= Mercy-USA =

Humanitarian-aid organization

Mercy-USA for Aid and Development, is a humanitarian-aid organization with main offices in Plymouth, Michigan. It is registered under 501(c)(3) as a non-profit charity organization. According to its website, Mercy-USA is "dedicated to alleviating human suffering and supporting individuals and their communities in their efforts to become more self-sufficient". Incorporated in the State of Michigan in 1988, Mercy-USA's projects focus on improving health, nutrition and access to safe water, as well as promoting economic and educational growth around the world. Mercy-USA has developed projects in many countries including Kenya, Albania, Lebanon, Syria and Somalia.

== Activities ==
Albania

Mercy-USA has been involved training orphans in English and computer skills. It also established a "Read to Succeed" program for school-age children and teenagers.

Bosnia and Herzegovina

In addition to providing vocational and career training for orphans, at-risk teenagers, and young adults, Mercy-USA established the Agriculture Education Center to aid farmers and local communities with sustainable farming methods in Bosnia and Herzegovina.

The Gaza Strip

Mercy-USA provides daily meals for young adults as well as vocational training in Gaza.

India

Mercy-USA provides seasonal food aid to India.

Indonesia

In Indonesia, Mercy-USA has been active in providing aid to farmers and local communities by introducing sustainable farming methods. In addition, it assists farmers in forming cooperatives. As in Albania, it also offers English and computer skill training for orphans.

Kenya

Mercy-USA provides nutritional support and health services for mothers and children in Kenya. In addition, it created a water and sanitation/hygiene program at 24 elementary and pre-schools to prevent infectious diseases.

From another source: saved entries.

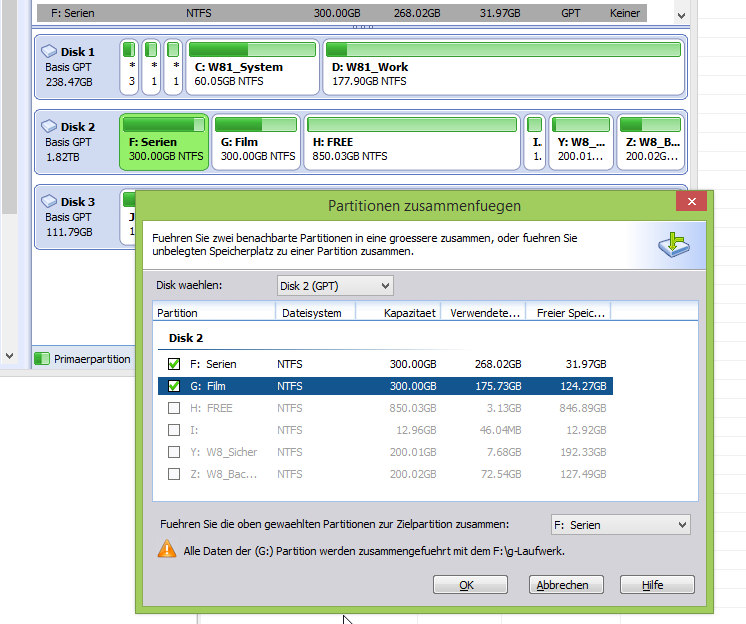 Möchtest du bei dir F: H: und I: zu einer einzigen also F: zusammenführen?
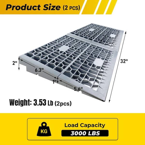 2-Pack Modular Series 2-Inch Rise Wheelchair Ramp Entry Doorway Ramp in Black with Anti-Slip and Cable Channels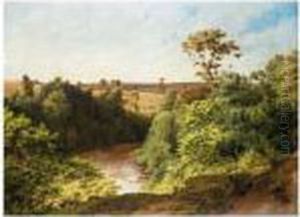 Extensive River Landscape With Cottages

This work was in partnership with the United States Agency for International Development (USAID/OFDA).

Lebanon

Mercy-USA has been very active in the Syrian Refugee crisis offering Syrian refugee assistance in Wadi Khalid, Lebanon, providing mobile health clinic serves for refugees four times a week, and providing vaccines, pre- and post-natal checks and regular medical exams. In addition it offers bread distribution and baby diapers to recent Palestinian refugees from Syria in Beddawi Refugee Camp. It further offers vocational training courses and Palestinian refugee assistance in Beddawi and Nahr-Al-Bared Palestinian Refugee Camps.

Somalia

To date, Mercy-USA has provided over 300 new or rehabilitated wells for access to clean drinking water throughout Somalia as well as nutritional support and health services for mothers and children. Since 1994, it has been providing tuberculosis treatment and prevention, and has opened six centers. The centers also provide HIV/AIDS and STI testing, treatment and counseling.

Syria

Mercy-USA provides monthly food baskets and infant formula for 1,000 vulnerable families in Aleppo, Syria. It established a Mother and Child Health Clinic providing prenatal, postnatal and birthing services in addition to pediatric healthcare for newborns, infants and children. Winter seasonal aid, including winter clothing for children and women, plus winter-weight blankets for over 1,000 households, is provided each winter. Seasonal hygiene aid is offered to beneficiary families.

== Transparency ==
Mercy-USA states that less than 5% of its funds go toward fundraising and management. For 2014, nearly 97% of its total expenses were spent on programs and services, as reflected in a four-star rating by Charity Navigator. This was the sixth year it had received the four star rating. In 2014, 51% of its resources were dedicated to food, shelter and orphan assistance. Forty-three percent of donations were allocated to health, 4% to education and 2% to economic vitalization.